Do You Really Need to Learn How to Use a Row Counter?

You may be thinking, wow is she for real – of course I know how to use a row counter. I know this may seem like something not worth talking about, or an insult to your abilities. But sometimes in life it’s the small tips that make all the difference to creating the projects we desire. There are times when the pattern instructions read something like “bind off 4 sts at the beg of next 4 rows, then dec 1 st each side every other row 8 times…”. Ultimately you’ll need to develop a system to keep track of your rows, or you will have a meltdown.

I’m a perfectionist and certainly technical, when it comes to knitting my projects. It is important to me that my projects are finished professionally, and my pattern instructions are readable. I can appreciate if you are more of a free-wheeling type, but trying a new approach may make all the difference.

Firstly, what are these tools? Counters tally rows as you knit. They aren’t absolutely essential, pen and paper will suffice. But like any tool, counters make your knitting more efficient. The most common type is a circular, rotary counter that slides onto the end of the needle. The central core is designed to fit a range of needle sizes. A variation of the circular counter has an attached stitch marker, for circular knitting, also known as the universal counter. The universal counter dangles below the stitch marker, and does have a tendency to swing from your needles. I find these rather annoying. A favorite of mine is a peg board, allowing you to keep track of rows, increases, decreases, and stitch pattern repetitions. Other types available include a mini hand held clicker often called “Kacha Kacha”, pendant counters, electronic counters, and software applications.

You have to be conscious of moving the counter after each row is completed. If you have been knitting for awhile, you know simple patterns can be visibly counted. In stockinette stitch, one “V” is a row and in garter stitch one ridge equals 2 rows. But going back to the beginning and counting each time is tedious and inaccurate. As you knit more complicated pattern stitches, this is not easy to do and leads to frustration. It is not only important to count rows, but learn to understand how the pattern stitch evolves, so you can determine what row you’re on if you make a mistake and have to rip back. The following is my system of keeping track of rows.

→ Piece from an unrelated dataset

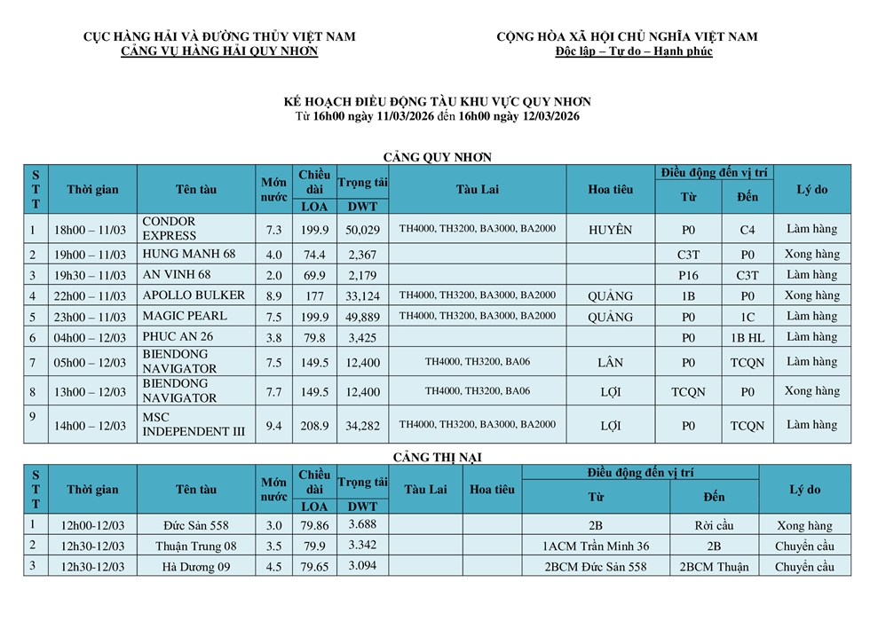 KẾ HOẠCH ĐIỀU ĐỘNG TÀU NGÀY 11/03/2026

When beginning a project, I think of odd rows as the right side and even rows as the wrong side of the knitted fabric. For most pattern instructions, the first row is the right side, therefore my reasoning behind odd numbers for right side and even numbers for wrong side. Knitting garments or any project requiring pieces, such as back, front, and sleeves, I count rows for each section of the piece. Most garment patterns begin with the back, so I begin by counting the number of rows to complete the border. I write this number in the instructions, and at the same time I measure the border and record this number. If the border is knit on smaller needles, it will be a different measurement from the gauge. I subtract the border measurement from the total measurement for the piece, to calculate approximately how many rows I need to knit to reach the armhole. I move the counter back to zero and count the number of rows knitted to the armhole, and again write down this number. I repeat this process for the armhole to shoulders. Now, when I go to knit the front, I know how many rows to knit for each section of the piece – the border, border to armhole, and armhole to shoulder. By keeping track of rows, the garment pieces match up row for row, and seaming is much easier.

The project I’m working on now, is knit in simple stockinette stitch, so I’m using a circular counter on my needle. But there is also shaping with decreases and increases along the side edges. In addition to using the counter, I made a chart on paper so I know which row to decrease or increase. If you look at my chart below, when I reach row 15 on the circular counter, I decrease one stitch on both side edges of the back piece. You’ll also notice I use my own shorthand.

Chart to use when counting decreases and increases.

Chart to use when counting decreases and increases.

 

When working multiple charts, or pattern stitches, writing on paper helps to keep track of all the different rows for each pattern stitch, and in addition I use a counter for total rows.

The most important message to take from this, is to count your rows, whatever system you devise. But when the frustration sets in, I guarantee that you won’t get lost and all your pieces will fit together with ease. So toss a counter, along with your pen and paper in your toolbox!